(Beginning of DATA BELOW)
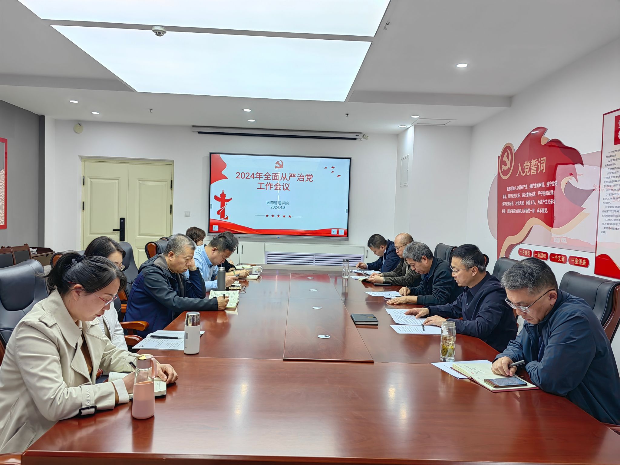 杜江山强调,全体党员师生要始终站在时代前列,亮出身份、亮出承诺、扎实工作,要激励广大党员干部主动担当,在推动日常工作上善作善成,在全力打造学院高质量发展新征程上充分发挥党员先锋作用。各党支部要持续推动基层党建工作科学化、制度化、规范化建设,不断提升党组织凝聚力和战斗力,以创新驱动激发内生动力,赋能形成推进高质量党建的“新质生产力”。
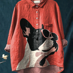 Evie - Dekorativni uzorak francuskog buldoga s naočalama na crvenoj pozadini ležerna košulja
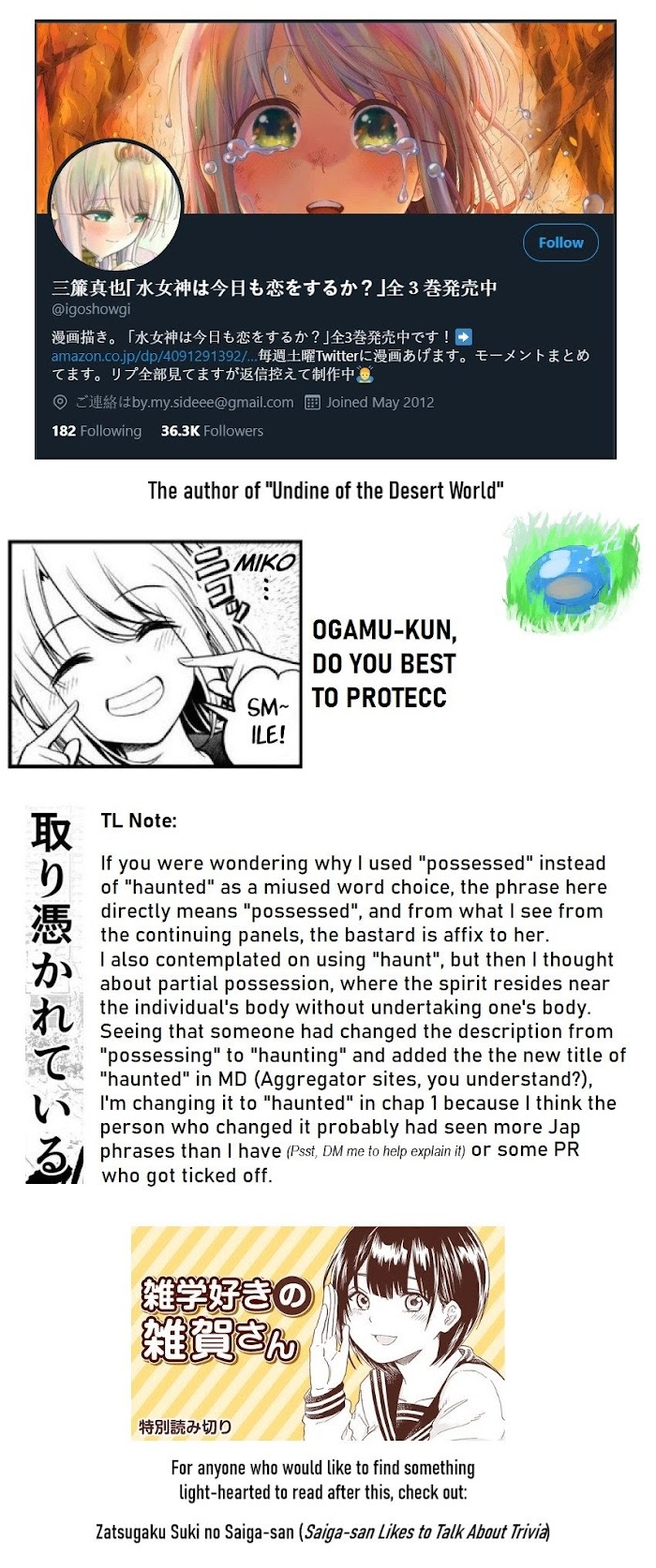 Sakanoue Ogamu likes his childhood friend, Kannagi Miko, but the evil spirit possessing her is a cockblock. [*][url=https://twitter.com/igoshowgi] Author's Twitter[/url]
(End of DATA BELOW)
Copy verbatim the span that begins at the line containing "Evie - Dekorativni" and ends at the last line of the material, inclusive of both; exclude pictures.

 Evie - Dekorativni uzorak francuskog buldoga s naočalama na crvenoj pozadini ležerna košulja
 Sakanoue Ogamu likes his childhood friend, Kannagi Miko, but the evil spirit possessing her is a cockblock. [*][url=https://twitter.com/igoshowgi] Author's Twitter[/url]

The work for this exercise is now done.